This project is my capstone submission for the Udacity Data Engineering Nanodegree. It showcases what I've learned through the program by taking large sets of data and organizing it in such a way that allows others to gain valuable insight from it.
The main set of data I used is the provided immigration data and I enhanced this data by combining it with geographic and demographic data. Ultimately, I created an ETL process using Spark and Airflow that takes this data from separate parquet and csv files to a queryable data warehouse in Redshift.

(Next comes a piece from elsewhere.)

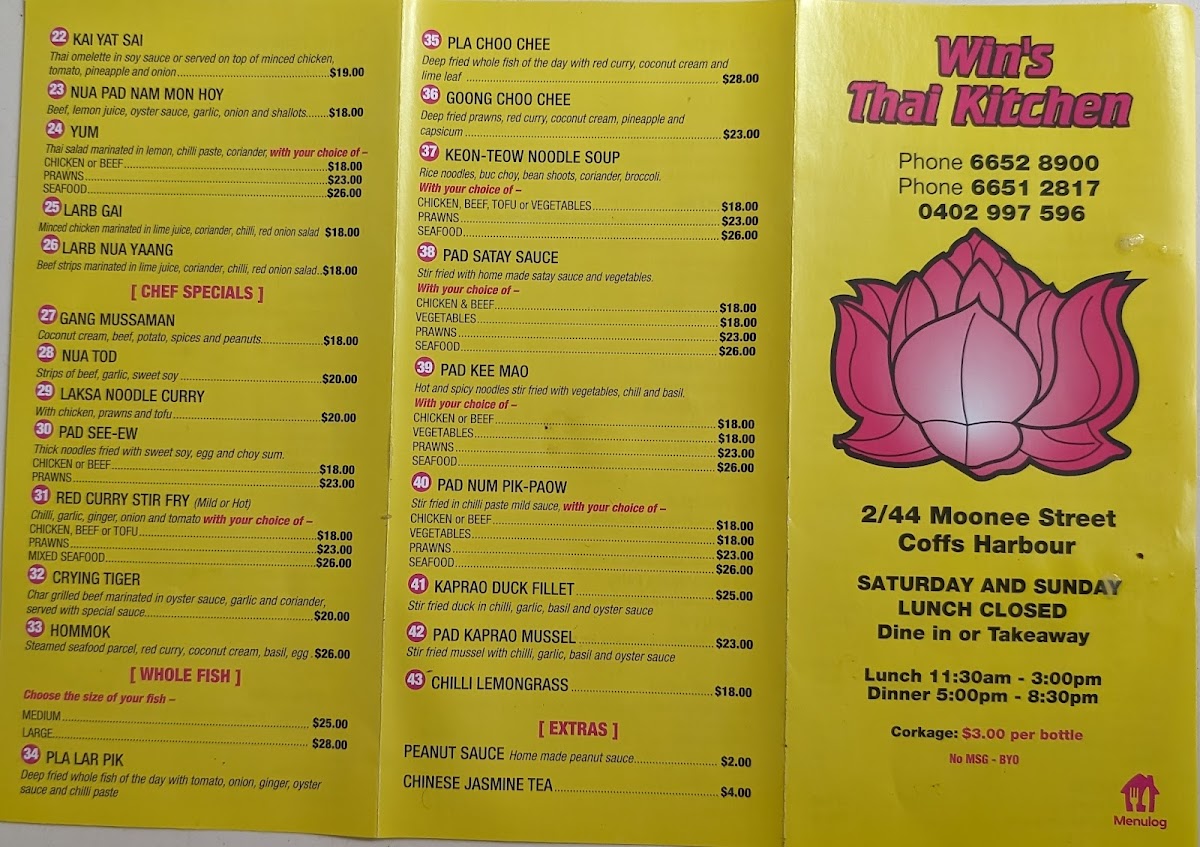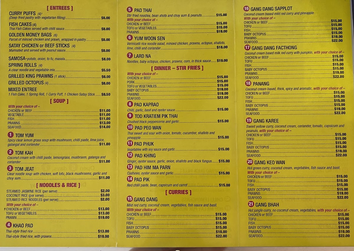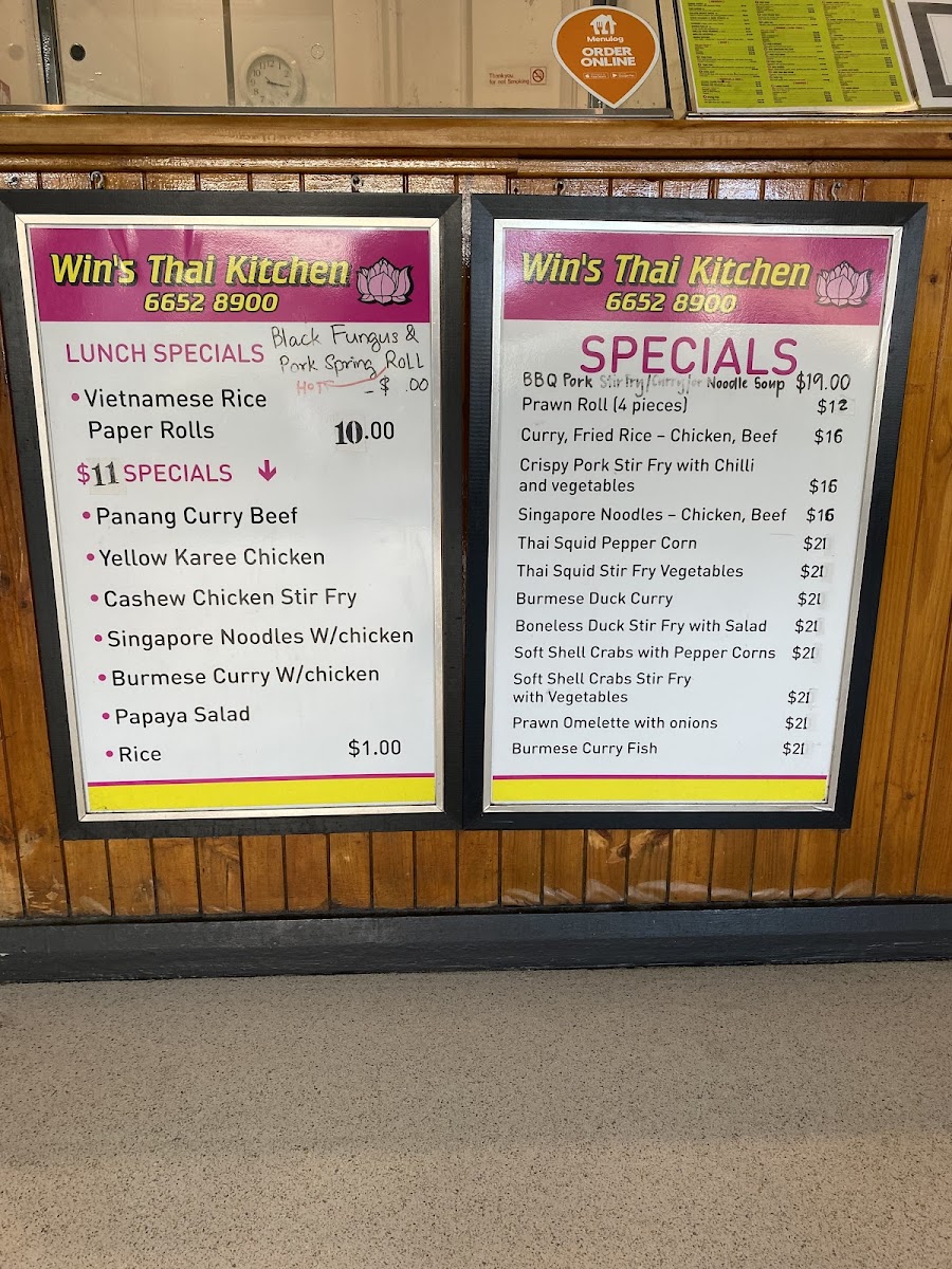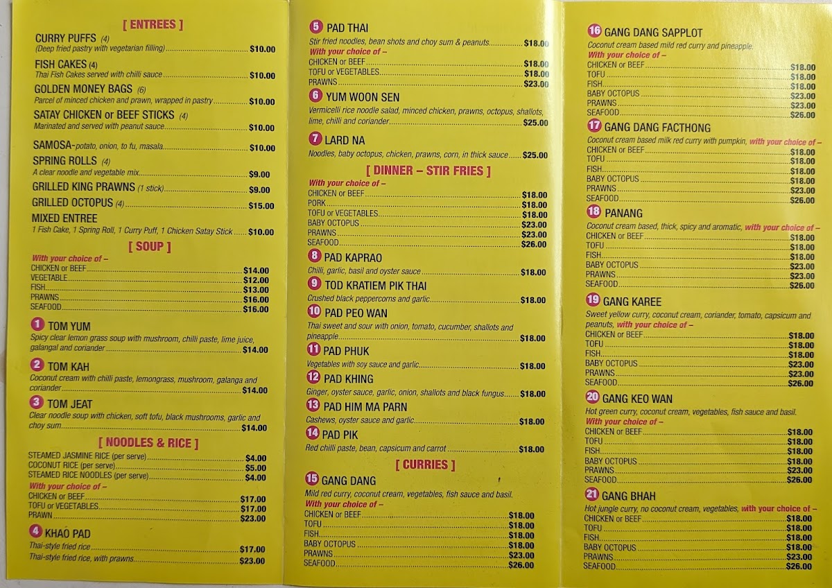 The menu at Win's Thai Kitchen offers an extensive selection of flavorful Thai dishes that promise to satisfy various tastes. Their curry offerings include options like Gang Dang Sapplot, Larb Nua Yaang, and Gang KareeLarb Gai, each brimming with aromatic spices and rich flavors. For soup lovers, the Tom Kah, Tom Jeat, and Tom Yum soups provide a delightful balance of heat and freshness. If you’re craving noodles or rice, the Coconut Rice and Steamed Rice Noodles are a perfect complement to any dish, while Pad Thai and Lard Na are popular noodle-based options. The entrée section features delicious bites like Samosa, Grilled Octopus (4 pieces), and Grilled King Prawns (1 stick), offering a variety of textures and tastes. For dinner, their stir-fry dishes such as Pad Pik, Tod Kratiem Pik Thai, and Pad Him Ma Parn are packed with vibrant ingredients and savory sauces. Specialties like Gang Massaman, Crying Tiger, and Laksa Noodle Curry bring bold flavors that represent Thailand's diverse culinary offerings. To enhance any dish, options like Peanut Sauce and Chili Lemongrass are available for an extra kick. Whether you’re in the mood for a hearty stir-fry or a comforting soup, Win’s Thai Kitchen provides an impressive range of traditional Thai dishes to satisfy every craving.

The project follows the following steps:
- Step 1: Scope the Project and Gather Data
- Step 2: Explore and Assess the Data
- Step 3: Define the Data Model
- Step 4: Run ETL to Model the Data
- Step 5: Further Questions
- Step 6: Data Model Query Examples
My plan was to take immigration data and infuse it with geographic and demographic data in order to come up with valuable insights about immigration to the United States. The project follows this high level process:
- The data is cleaned using Spark and uploaded to S3.
- The S3 data is loaded into a Redshift data warehouse using Airflow.
These are some of the questions my project would be capable of answering:
- For a given country, what cities do immigrants arrive in when they enter the United States?
- Are immigrants arriving in US cities that have a younger or older average population?
- What states are immigrants residing in when living in the United States?
The following data sets are used in this project:
The immigration data comes from the US National Tourism and Trade Office. It includes information about anyone entering the United States, such as their age and year of birth, the date entering the country, what city they arrived at, and the state where they currently reside. Specificially, the data from April 2016 is used to showcase this project, which is over 1 million records. The data is in parquet format.
The demographic data comes from OpenSoft. It includes demographic information about US cities, such as the median age, total population, and specific populations (male vs female, foreign-born, different races, etc.). The data is in csv format.
This data was provided in I94_SAS_Labels_Descriptions.SAS in the provided project and contains a mapping of city names and their I94 codes that are found in the immigration data. I manually converted this data to csv format.
This data was provided in I94_SAS_Labels_Descriptions.SAS in the provided project and contains a mapping of country names and their I94 codes that are found in the immigration data. I manually converted this data to csv format.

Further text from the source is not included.